In 2010, Every Cure’s cofounder Dr. David Fajgenbaum was a third-year medical student when he became critically ill with Castleman disease (CD). He spent months hospitalized in critical condition and nearly died five times. David was told there were no more options for his disease and waiting for a new treatment – requiring billions of research dollars and 10-15 years – was not a possibility. Repurposing an existing drug was his only hope. Repurposing existing drugs for new uses is possible, because many diseases share the same underlying problem or mechanism in the body and many drugs can have multiple mechanisms of action. David launched an initiative to find treatments to save his life and the lives of others with CD. He and his team discovered an overactive pathway in his blood and tested a 25-year-old drug called sirolimus that was approved as an immunosuppressant after kidney transplants but had never been used for CD, to block that pathway. As a result of this repurposed drug, David has been in remission for more than 11 years. During this time, Dr. Fajgenbaum and his teams at the University of Pennsylvania, Castleman Disease Collaborative Network, and Every Cure have advanced 14 repurposed drugs for multiple diseases, saving thousands of lives like Kaila, Michael, and Al.

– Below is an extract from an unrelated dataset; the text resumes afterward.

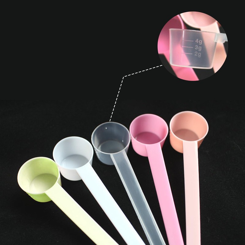 • VARIETY OF COLORS The measuring spoons come in five attractive colors: pink, white, flesh pink, transparent and avocado green. With a capacity of 5g (10ml), you can choose different colours depending on your mood and occasion.

On a mission to save and improve lives by repurposing drugs
Launched in 2022, Every Cure is on a mission to save and improve lives by repurposing drugs. We are pioneering a novel approach called Computational Pharmacophenomics that utilizes AI/ML to rapidly scan across the world’s knowledge of all drugs and all diseases to identify the best drug repurposing opportunities to advance to patients in need. Every Cure was founded to ensure that patients don’t suffer while potential treatments hide in plain sight. For the first time ever – rather than starting with a specific disease or drug to identify potential treatments – Every Cure is pursuing “impact-driven drug repurposing” which involves systematically looking across all possible repurposed treatments to find the greatest opportunities to impact patients’ lives. This data-driven approach maximizes the likelihood of success and the impact we can make per dollar spent.
Also for the first time ever, Every Cure is taking end-to-end responsibility for making sure the repurposed treatments we identify make it all the way to the patients who can benefit from them. We measure success based on the suffering we’re able to relieve for patients and the number of diseases we’re able to advance repurposed treatments for. We chose to be a nonprofit organization so that we could fill the gap in our system and pursue non-profitable treatments that are left behind. Between these pioneering approaches and our nonprofit mission, Every Cure is able to overcome the systemic barriers that have prevented our approved medicines from being used for all diseases they can treat and unlock treatments at a fraction of the cost and time. While traditional research would take years to investigate all diseases and all drugs that may be able to treat them, our AI approach is able to look across all 18K diseases and 4K drugs to quantify the strength of 75M drug-disease matches within days. Our team assesses the highest potential matches, generates evidence about effectiveness through laboratory research and clinical trials and disseminates successes in partnership with patient organizations, democratizing medical insights and reducing health inequities worldwide.
In just two years of operating, we have already launched 6 drug repurposing programs across a range of conditions and are having an impact on the lives of patients in need. The first patient we treated with a top scoring drug from our AI platform has been alive for over two years; this was described in the New England Journal of Medicine and the New York Times. We have also been able to increase utilization of a predictive blood test and a repurposed medicine to improve speech in children who have antibodies against the folate vitamin receptor and autism spectrum disorder (CBS Evening News). We aim to unlock repurposed treatments for 15 to 25 diseases by 2030.
We are grateful for the support we have received from our generous supporters, including Chan Zuckerberg Initiative, TED Audacious Project, Flagship Pioneering, Lyda Hill Philanthropies, Elevate Prize Foundation, and Arnold Ventures as well as the federal agency, ARPA-H and countless individuals. While we are thankful for the support and impact to date, we have so much more work still to do. We will not stop until we create a world where no patient suffers when there is a treatment that could help them sitting on the pharmacy shelf. We hope you will join us on this mission.